Tuve un profesor que, cuando alborotábamos o respondíamos tonterías a sus preguntas, nos pedía, por favor, que no fuéramos unos melones. La expresión nos hacía gracia, pero la RAE nos habría devuelto a la realidad, porque un melón es una persona torpe y necia.

Todos hemos sido melones en uno u otro momento. Todos. La historia de la humanidad es una sucesión de melones haciendo melonadas. Nietzsche, socarrón y más elegante, sostuvo que el mundo está regido por el azar y la estupidez. Vivimos en medio de un melón-drama.

Siempre ha sido igual, diríamos, para levantarnos el ánimo. Los melones campan a sus anchas por el campo desde que el hombre es hombre. Pero ¿qué alivio es ése?

El melonar ha dado muchos frutos desde la crisis del 2008. Hemos visto a un Trump presidiendo los Estados Unidos, que provocaba bochorno y vergüenza ajena, pero ojalá sólo hubiera provocado eso, porque nos ha dejado un panorama feísimo. Del Reino Unido de la Gran Bretaña e Irlanda del Norte mejor no hablar, porque el Brexit ha sido la melonada más gorda de su historia reciente y su colección de líderes políticos da para vender melones a destajo.

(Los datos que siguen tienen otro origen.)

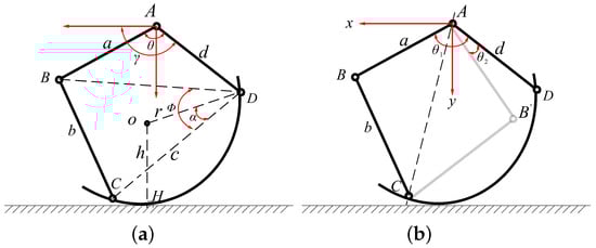 Kinematics analysis diagrams of the linkage mechanism. (a,b) illustrate the definition of kinematic parameters.
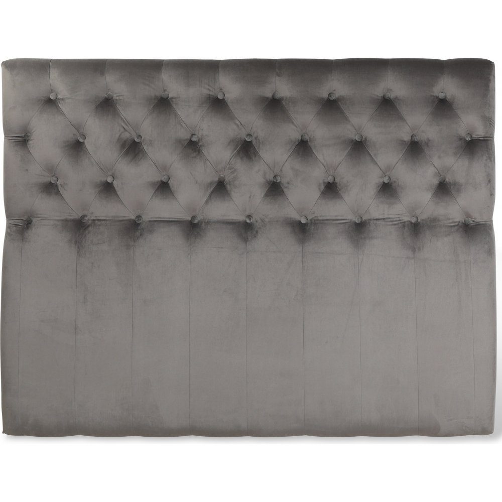 Senggavle Anna i et grått fløyelstoff med en myk følelse. Pen design med dypheftede knapper for å gi et luksuriøst uttrykk på soverommet.
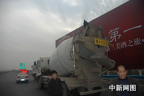 中新网郑州1月25日电 (记者 徐华美)俩司机拉载搅拌机车后面嫌小号牌不好安,就自制超大号牌,既能当后车牌,又能当放大号牌,被高速交警查获。

Hay melones horribles y amargos, como Putin, que van dejando un rastro de podredumbre en todo aquello que tocan.

En Europa, que presumía de ser el paraíso de la democracia liberal, asoma no ya las orejas, sino enterito hasta el torso, el lobo feroz de un populismo nacionalista que no sabemos muy bien cómo nombrar. Unos prefieren hablar de extrema derecha; otros, de ultraderecha; los de más allá, incluso de fascismo, palabra desgastada por el (mal) uso que se hace de ella. Hace nada, en Italia, el partido más votado ha sido el de los melones, que es (neo)fascista con todas las letras, de manual, de pe a pa, ¡hasta comparte insignia con el Movimiento Social Italiano!

Muchos acusan del problema a las izquierdas. Alguna razón tienen, cuando las izquierdas han abandonado su política de toda la vida y se dedican a jugar con identidades cada vez más restringidas y a decir tonterías en voz alta. Sobran los ejemplos. Mientras tanto, se comen con patatas y mucho gusto algunas ideas neoliberales y renuncian a la defensa del Estado del Bienestar, su mayor logro histórico. Mientras las diferencias entre ricos y pobres son cada vez más acusadas, los que menos tienen están cada vez más desamparados.

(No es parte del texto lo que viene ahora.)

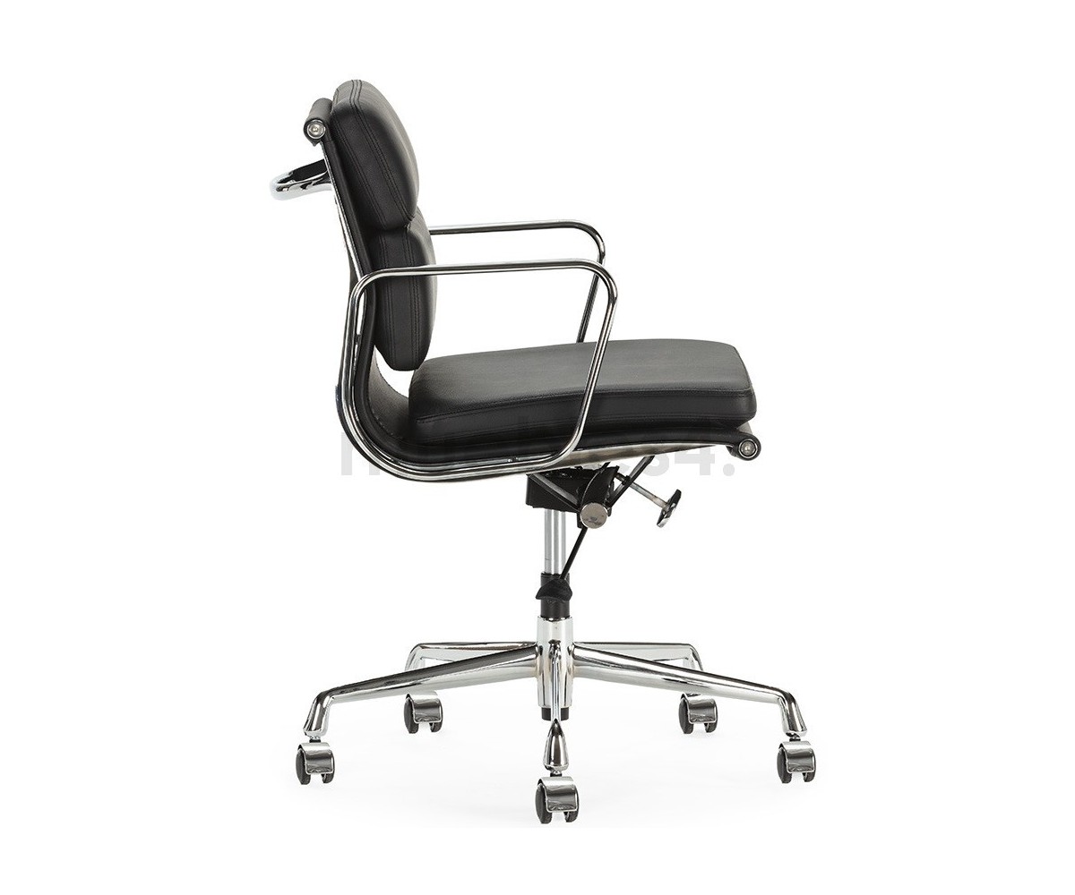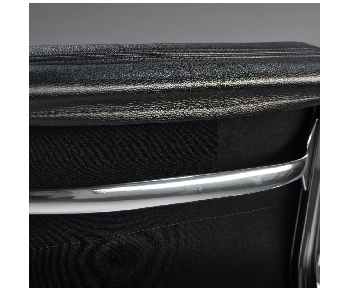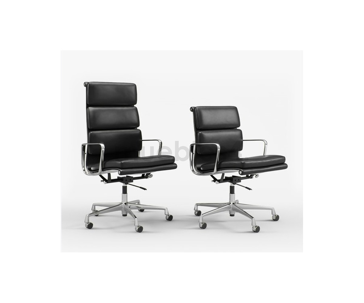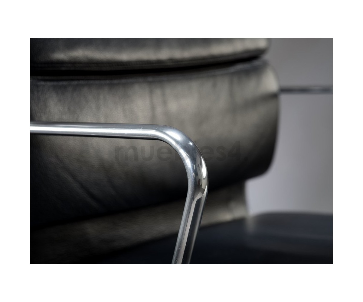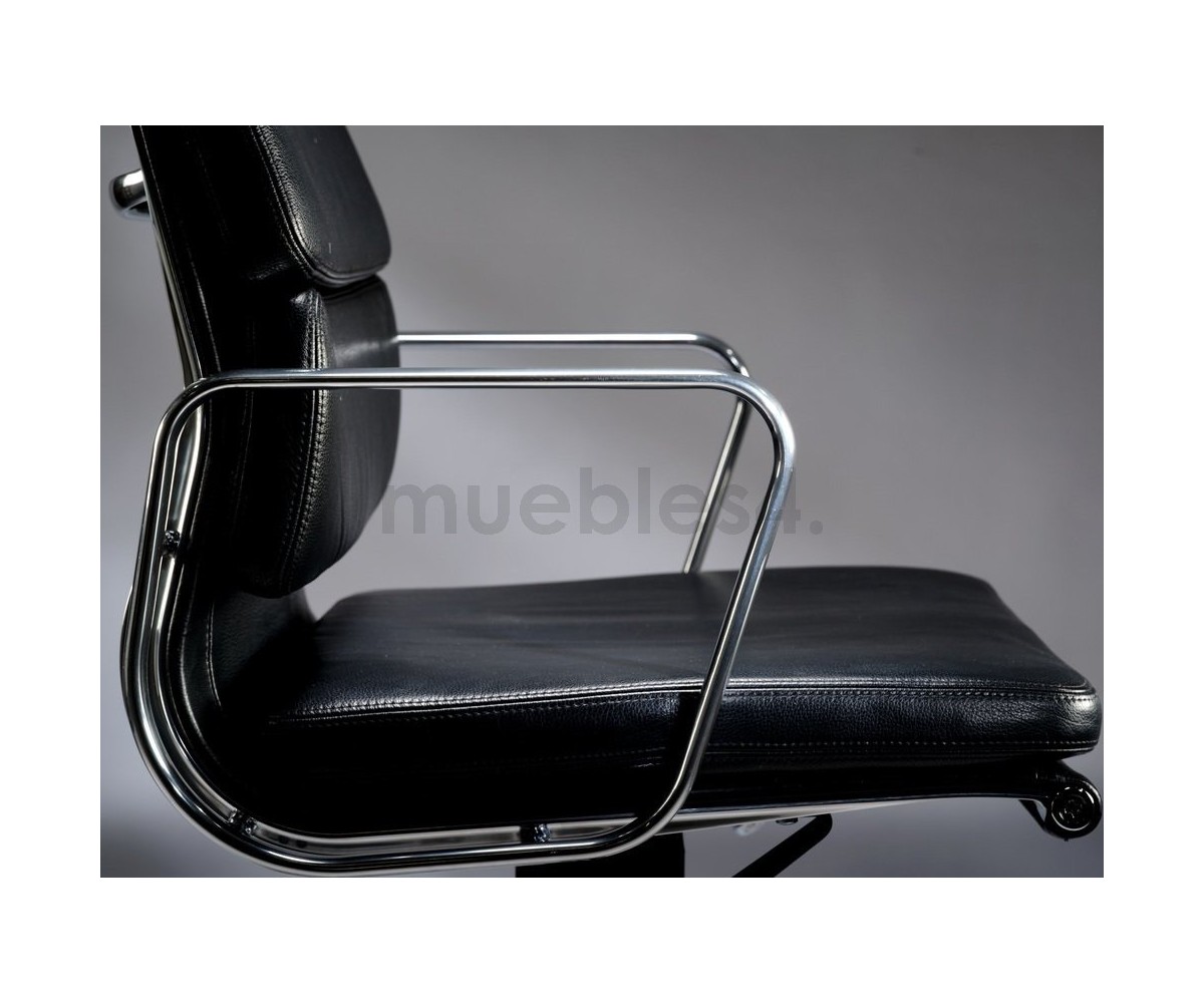 Silla de oficina inspirada en un diseño de Charles & Ray Eames. Por su forma y construcción se asemeja a la Aluminium Chair. Extraordinario confort, al combinar el mecanismo de inclinación, que puede ajustarse al peso del usuario, y al suave acolchado. Su diseño elegante, simple y cómodo hace que sea un producto perfecto para oficinas, despachos, estudios.

Pero ¡ojo! Que las derechas, desde las más conservadoras hasta las liberales, incluso las neoliberales, han abonado el melonar haciendo el melón, sumándose al populismo, al nacionalismo, normalizando mensajes peligrosos y asociándose con los melones, a los que, para disimular, otorgan una posición en el centro-derecha, hay que joderse. Esas alianzas entre melones no hacen más que disfrazar al lobo de abuelita, e incrementan las probabilidades de que Caperucita Roja acabe mal, porque, ay, no hay leñador en este cuento. Recuerden que el fascismo, el de libro, el de verdad, no es más que un nacionalismo desatado, un míster Hyde que se disfraza siempre de doctor Jekyll para no dar el miedo que debería darnos.

No hay que irse muy lejos, que tenemos los melones en casa. Cataluña, ese país que consiste en Barcelona y sus alrededores, se ha convertido en un esperpento y un vodevil. Mejor dicho, en un melón-drama. El famoso «Procés» no es más que un enorme melón que ha salido malo, después de cultivarlo con esmero los últimos cuarenta años. Nos ha salido muy caro.

Hemos tenido melones al mando que pública y notoriamente han lanzado proclamas de extrema derecha, étnicas, xenófobas, clasistas y sexistas, o han mostrado admiración por melones como los hermanos Badia y compañía, otros fascistas de manual. Ese comportamiento tolerado, incluso abonado por tantos, ha desatado a una minoría exaltada. Es ya imposible afirmar que no existe la ultraderecha catalanista y nos ha hecho ver con estos ojos que la sociedad catalana cuenta con un abundante número de melones.

La degradación de las instituciones ha sido tremebunda. La oposición ha estado a la altura apenas en un par de ocasiones, pero también ha hecho el melón tolerando cosas intolerables. Mientras, por poner un solo ejemplo, más de 400.000 niños están en riesgo de pobreza en Cataluña, una situación que se ha vuelto crónica, según un reciente informe de UNICEF. Etcétera, un largo etcétera.

No ayuda que parte de la presunta izquierda, como ya hemos dicho, haga el melón y tenga la idea de arrimarse al melonar de míster Hyde. No ayuda nada.